Please let her not have been followed as she struggled off the mountain, only to collapse here in the dirt for the shooter to finish her off.
She couldn’t die here?—
“Sparrow, just calm down—calm down!”
Flynn hadn’t even realized she’d been thrashing, pushing Axel’s hands away from her as she came back to herself.
One second she’d nearly shot the man standing on her porch, the next she’d been trying to grapple with his voice—so wonderfully familiar—while the world spun.
“What happened?”
She opened her eyes to find herself tucked into her sleeping bag on the porch, Axel bent over her with a wet cloth, dabbing it to her head with one hand while the other held her wrist.

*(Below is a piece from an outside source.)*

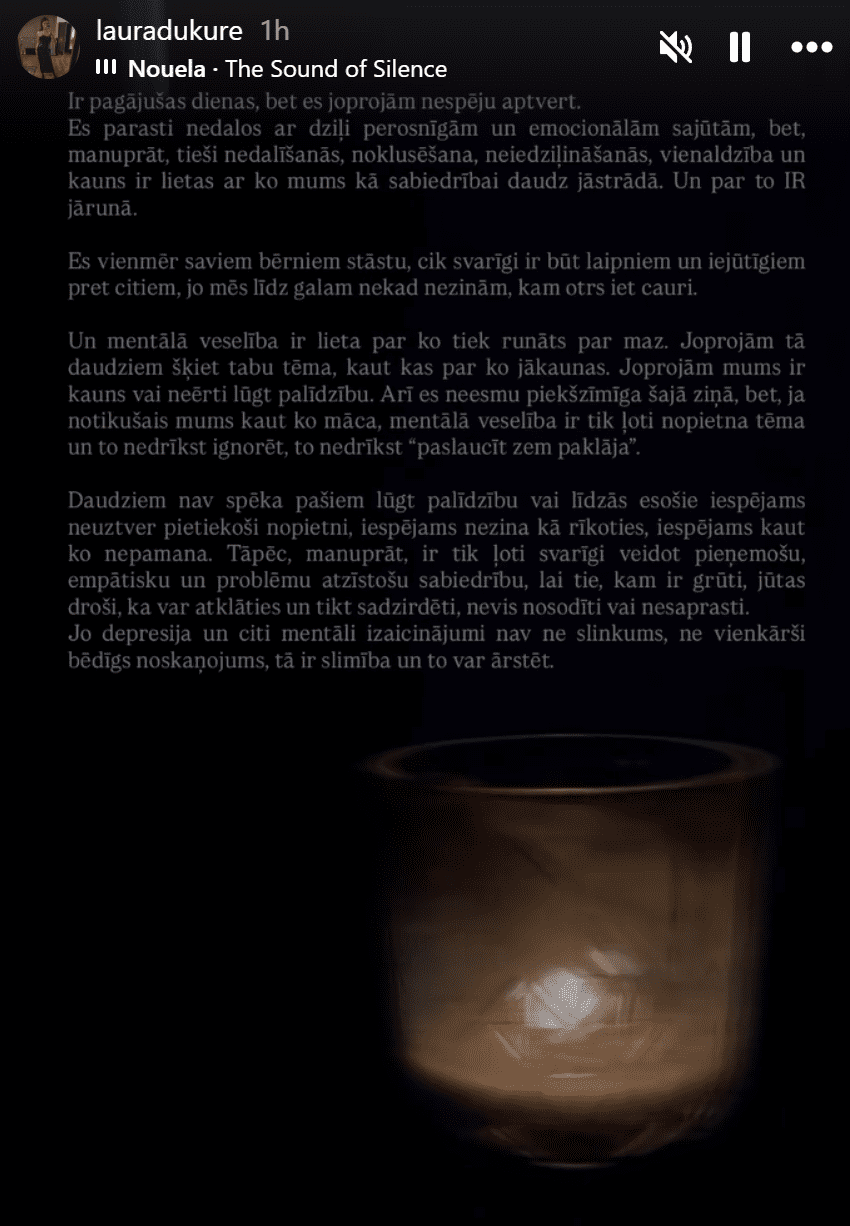 Un mentālā veselība ir lieta par ko tiek runāts par maz. Joprojām tā daudziem šķiet tabu tēma, kaut kas par ko jākaunas. Joprojām mums ir kauns vai neērti lūgt palīdzību. Arī es neesmu priekšzīmīga šajā ziņā, bet, ja notikušais mums kaut ko māca, mentālā veselība ir tik ļoti nopietna tēma un to nedrīkst ignorēt, to nedrīkst “paslaucīt zem paklāja”.

Her hand was balled into a fist.
“Did I punch you?”
He bore the faintest hint of red on his cheek. “It’s nothing. You were a little confused. I think you might have had a seizure.”
She remembered nothing except—“Axel.”
“That’s right.” He met her eyes. Blue eyes, just like she’d imagined. Almost brown hair, except for highlights that turned to deep bronze in the sun, and a smattering of golden-brown whiskers across his face, as if he hadn’t shaved in his hurry to get to her.
Oh yeah, she’d hit her head, and hard, careening down that mountain.
“What happened to you?” He leaned away, his eyes on the wound on her head. “That needs a stitch or two.”
“I fell down a mountain.”
“You did what?”
“After someone shot at me.”
His frown deepened.
“I thought . . . I thought maybe he’d followed me back to the cabin. Then I heard your bike and I hid and . . .” She winced, her head really starting to bang now. “Sorry I shot at you.”
“Please tell me you were trying to miss.”
She closed her eyes, but her mouth tweaked up one side. “Yep.”
“Okay. Listen, I need to take a look at your wrist, and did you hurt your leg too?”
“Yeah, I sprained my knee. Landed pretty hard on it. And it’s not my wrist—it’s my shoulder.”
“Hence the sling. How far did you fall?”
“All the way?” She opened her eyes.
Now he narrowed his eyes at her. “Smarty pants, huh?”
“Listen, Mr. I-Scare-People-To-Death-And-Don’t-Answer-My-Ham-Radio, I think you had it coming—oh, ah. Okay, no more talking.”
“Agreed. And I only went dark because a wave took out the ham. Yeah, your knee is really swollen.” He’d zipped open her sleeping bag and now put his hand on her leg gently, moving it around the joint. “As for your shoulder, lemme see how bad it is. I don’t want to try to put it back into place if your shoulder is broken.”
He put his hand on her shoulder, kneading gently.
“I don’t think—oh, oh, that hurts. Okay, that’s good—that—oh.” She grabbed his wrist. “Thank you so much, doc, but I think let’s leave it to the professionals.”